Это было чертовски неудобно.
– Ты стал другим человеком, – сказал ему Кэйзенов, когда услышал новость. – В последний раз, когда мы виделись, ты выглядел таким пристыженным страдальцем. Теперь могу поклясться, ты стал моложе. Ты выглядишь… счастливым. К сожалению, это не то слово, которое когда-либо подходило тебе, друг мой. Я рад, что все так хорошо сложилось. – Он усмехнулся. – Ну и сезон у нас выдался, а? Мы оба нашли любовь там, где меньше всего ожидали.
Кэйзенов был прав. Рочдейл действительно чувствовал себя моложе. Он не улыбался так часто с тех пор, как был мальчишкой в Суффолке. Наверное, он выглядит таким же томным дурачком, каким выглядел Кэйзенов, когда влюбился во вдову своего лучшего друга. Рочдейлу следовало бы чувствовать себя униженным, но в его жизни уже слишком поздно начинать беспокоиться о чужом мнении.
В качестве свадебного подарка Рочдейл решил купить Грейс лошадь. Как замечательно будет кататься вместе в парке ранним утром, когда там еще никого нет й можно пустить лошадей в свободный галоп. Она говорила, что раньше ей нравилось ездить верхом, но что она редко садилась на лошадь с тех пор, как покинула Девон. Нет сомнений, епископ не одобрял наездниц. Но Рочдейл рисовал в своем воображении Грейс в элегантной амазонке, с пером на шляпе, скачущей быстрее ветра, и решил, что ей нужна соответствующая лошадь.

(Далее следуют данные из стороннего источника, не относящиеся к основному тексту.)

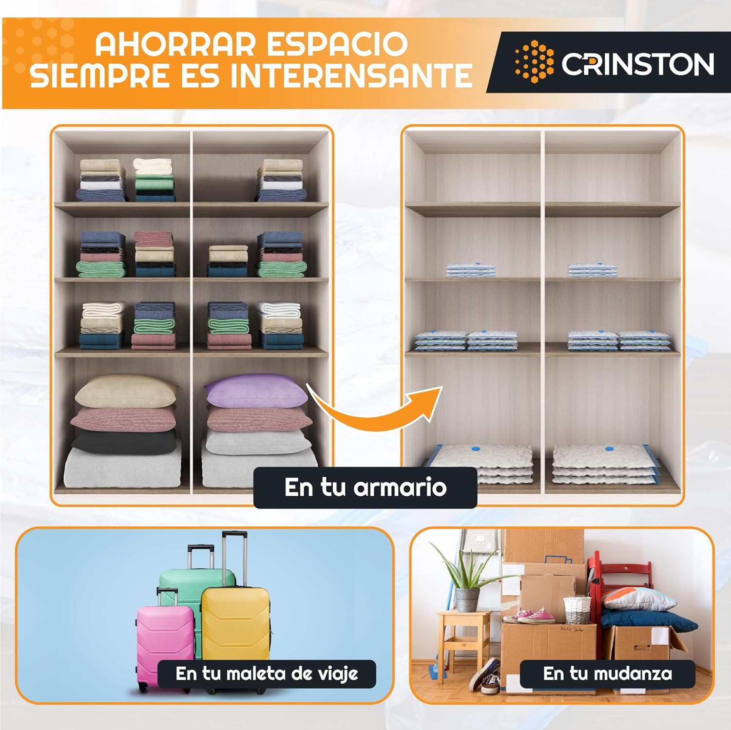 ✅ Luați SPAȚIU DE STOCARE: Pungile de acces pentru vid vă pot comprima rapid hainele, plapumele, paltoanele sau păturile voluminoase, pernele, cearșafurile, păturile, prosoapele, jucăriile și alte obiecte până la 80% din dimensiunea lor inițială. În plus, vă menține hainele curate și fără miros.
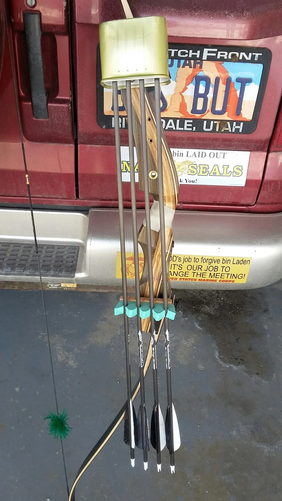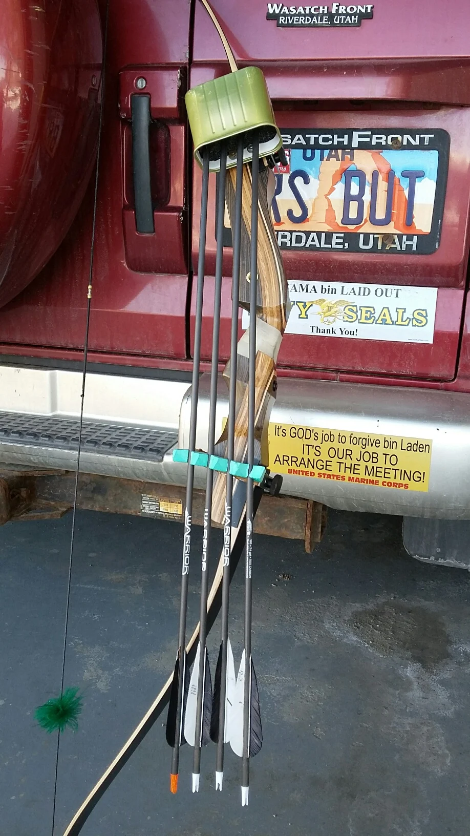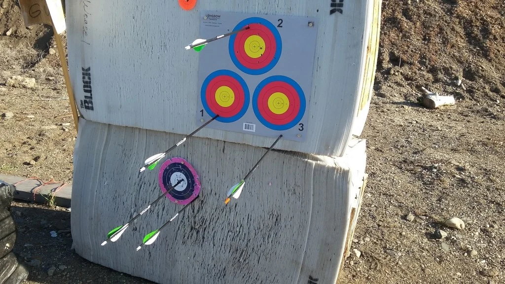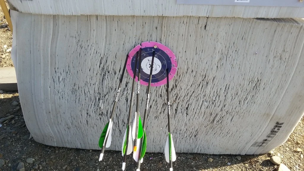 Well, during the course of the day, I shot at one target and when I pulled the arrow out of my perfectly placed shot (somewhere near the foot of the animal target) the whole insert and point came out of the arrow shaft…poor glue is the culprit. So, now I’m down to two sacrificial arrows and a whole lot more targets to go. I put that arrow in my quiver where I would know not to draw it out to shoot it, and saved the insert and point to later glue it back into the shaft.
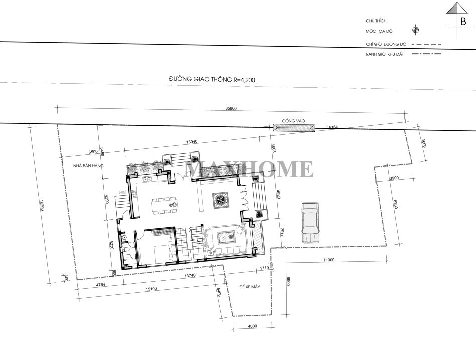 Theo hoa tiêu chữ B trên bản vẽ định vị, ngôi nhà mái Nhật 2 tầng được bố trí theo hướng Đông Bắc – hướng mang lại sinh khí tốt, đón nắng sớm và gió lành, giúp không gian luôn thoáng mát và tràn đầy năng lượng.
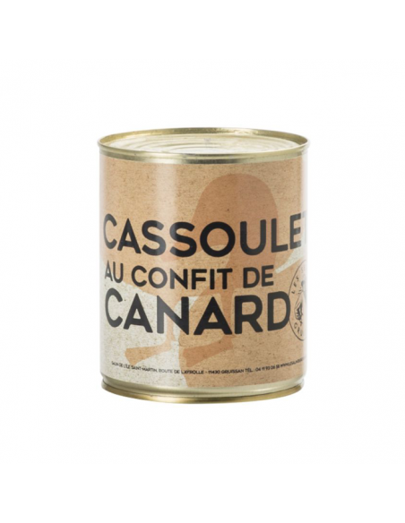 Haricots lingots, confit de canard, saucisse pur porc, eau, capa de bœuf, farine de blé, oignons, sels de Gruissan, lardons, poivre, huile de tournesol, bouillons de poule déshydraté, sels, sirop de glucose, volailles, graisse de poule, viande de poule, extrait de levure, ail, curcuma, caramel, sucre, acidifiants : acide citrique, poivre, extrait de cèleri, antioxydant : extrait de romarin et viande origine France. Peut contenir des traces de lait, sésame et moutarde.

Он стоял, прислонившись к широкой колонне, и наблюдал за хорошенькой, изящной гнедой кобылкой, которую водили разными аллюрами по кругу в «Таттерсоллз»,[4] когда услышанный обрывок разговора привлек его внимание. Он вытаращил глаза, услышав свое имя и слово «кандалы», за которым последовали громкие крики и хохот. Такой интерес к его личной жизни становится утомительным. Он не вышел из-за колонны, чтобы его не заметили и не вынудили вступить в разговор. Почему нельзя позволить мужчине спокойно любить женщину, почему весь свет устраивает из этого развлечение?
– …пари с Шином.
Рочдейл навострил уши. Проклятие! Он надеялся, что сплетни о том отвратительном пари уже иссякли.
– …женщина, как она, заключает пари с таким мерзким ублюдком, как Шин.
– Только Бог знает, какие ставки она предложила.
– Они, должно быть… были интересны для Шина, раз он на них согласился.
Неприличный смех наполнил воздух. Рочдейл забыл о лошади и сосредоточился на разговоре. Что-то тут не так. Непохоже, чтобы они говорили о его пари. Неужели было другое?
– Поскольку он проиграл, мы, вероятно, никогда не узнаем ее ставку.
– Интересно, что она выиграла?
– Зная вдову Марлоу, надо полагать, что она скорее всего получила крупный банковский чек для своей чертовой благотворительности. Если верить моей жене, это все, что ее интересует.
– Ты прав – она, наверное, выиграла крупное пожертвование и в придачу поставила на колени Рочдейла.
Опять хриплый хохот.
– Остается только восхищаться ее смелостью, поспорить, что заставит Рочдейла жениться на ней.
Что?
– Я-то думал, он крепкий орешек.
– Должно быть, она сыграла его же оружием, соблазнением.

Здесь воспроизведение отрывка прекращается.